Like other SOEs, we are aware that the NHI fund may be vulnerable to corruption, and in this context, we will ensure that it is not only managed with transparency and accountability but that it also has built-in anti-corruption measures in place, with robust oversight by the legislature, our investigative agencies, civil society groups and other agencies. The Presidency has already established fraud detection and prevention strategies before a cent is transferred to the NHI fund.

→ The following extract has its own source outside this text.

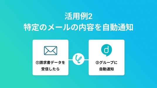 GmailやOutlookなどで「請求書」が件名に入っているといった特定の条件のメールを受信したらdirectに通知やメール本文をトークに投稿できるようになります。手動で通知する手間なくグループトークに情報を共有することが可能になります。また要約オペレーションを挟むことで、メール本文の要約をトークに投稿することも可能です。

NHI is the bedrock in which the African Claims was founded in 1943, coupled with freedom Charter clause number 08, which asserts “A preventive health scheme shall be run by the state; and free medical care and hospitalisation shall be provided for all, with special care for mothers and young children” Those who doubt the President they do so in their own peril, South Africa witnessed a watershed, great leap forward in health care for all
DA, Afriforum and Solidarity are opposed to constitutional democracy
Don’t be fooled. the DA and Afriforum and solidarity in their philosophy represent narrow minority ‘white supremacy’ and the apartheid era separate, two-tier health care systems, they represent private individual dominant health care represented by super-rich administrators, a network of the health insurance and medical schemes not the majority of people precisely because they are against section 27 of the constitution. They want the court to make the law, not the legislatures which is against the principle of our representative, participatory, constitutional democracy, and against the rule of law
It is time for the DA, Afriforum and solidarity, to stop political grandstanding and misleading our people, whilst they know as a subjective factor that they represent and defend the old apartheid-era policy which in objective reality has no room in the democratic era. All patriots to the front to defend health care for all in the form and content of the National Health Act. Let's join our collectively efforts to help address the health needs and aspirations of our people through the implementation of an NHI that we can be proud of, after more than 350 years of persistence of the dominance features the colonialism of a special type.
We salute His Excellency President Cyril Matamela Ramaphosa for statecraft, a clear and explicit decision-making process in the interest of the population as a whole
“Let ‘s do more, together”
Tshilidzi Munyai is a former ANC Whip and Acting Chairperson on the Health Portfolio committee and current ANC Gauteng PWC Member, ANCGP Convenor of the Subcommittee of the PE Chairperson on Education Portfolio Committee, Chairperson of the Economic Cluster, and Principal of the ANC Caucus Department of Political Education and Training.